Et voilà, après ces quelques jours magnifiques à Siem Reap, il est temps pour moi d’harnacher de nouveau mon sac sur mon vélo, de dire au revoir et de partir.

La route m'appelle.



  1. En route vers Phnom Penh la capitale!



Plusieurs centaines de kilomètres me séparent de Phnom Penh, la capitale du Cambodge.

Les routes bitumées font place au chemins de traverses ponctués de nids de poules pour mon plus grand enchantement.


Je me dirige plus à l'est, pour visiter des ruines khmers beaucoup plus sauvages et moins touristiques.

J'ai la chance de visiter ces vestiges qui émergent de la végétation.

Personne à l'horizon, je suis en totale immersion.

Les racines des arbres serpentent à travers les ruines se frayant un chemin tant bien que mal jusqu'à la terre.

(J’aimerais vous en dire plus sur cet endroit – le nom exact et les coordonnées mais le destin en a décidé autrement.

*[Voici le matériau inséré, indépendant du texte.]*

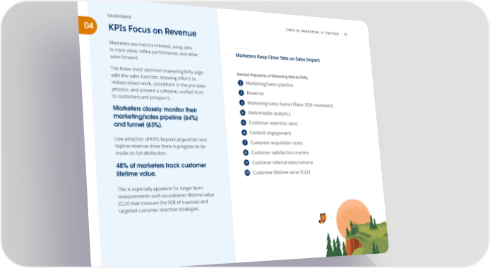 TH SALESFORCE STATE OF MARKETING, 9 EDITION 27 04 KPIs Focus on Revenue Marketers are metrics-minded, using data to track value, refine performance, and drive Marketers Keep Close Tabs on Sales Impact sales forward. The three most common marketing KPIs align Ranked Popularity of Marketing Metrics/KPIs with the sales function, showing efforts to 1 Marketing/sales pipeline reduce siloed work, coordinate in the pre-sales process, and present a cohesive, unified front 2 Revenue to customers and prospects. 3 Marketing/sales funnel (Base: B2B marketers) Marketers closely monitor their 4 Web/mobile analytics marketing/sales pipeline (64%) 5 Customer retention rates and funnel (63%). 6 Content engagement Low adoption of KPIs beyond acquisition and 7 Customer acquisition costs topline revenue show there is progress to be made on full attribution. 8 Customer satisfaction metrics 48% of marketers track customer 9 Customer referral rates/volume lifetime value. 10 Customer lifetime value (CLV) This is especially apparent for longer term measurements such as customer lifetime value (CLV) that measure the ROI of nuanced and targeted customer retention strategies.

À Phnom Penh, juste avant de quitter le Cambodge, on m’a volé mon portable avec mes notes dedans.


Quelques jours tard, je me perds un peu plus.

J'emprunte des routes sinueuses à peine praticables, tombées dans l'oubli.

Je suis obligé de descendre de mon vélo qui s'enfonce dans le sable mou, afin de le pousser sur plusieurs kilomètres sous une chaleur assommante.


Heureusement que j'étais seul car je n'aurai pas été de très bonne compagnie si vous voyez ce que je veux dire.


Pour être honnête je n'avais pas prévu assez d'eau pour prendre ces chemins désertés par la population. J'avais si soif...


Et puis, enfin… Une silhouette au loin!


Je fini par croiser un paysan au milieu de la pampa conduisant une charrette.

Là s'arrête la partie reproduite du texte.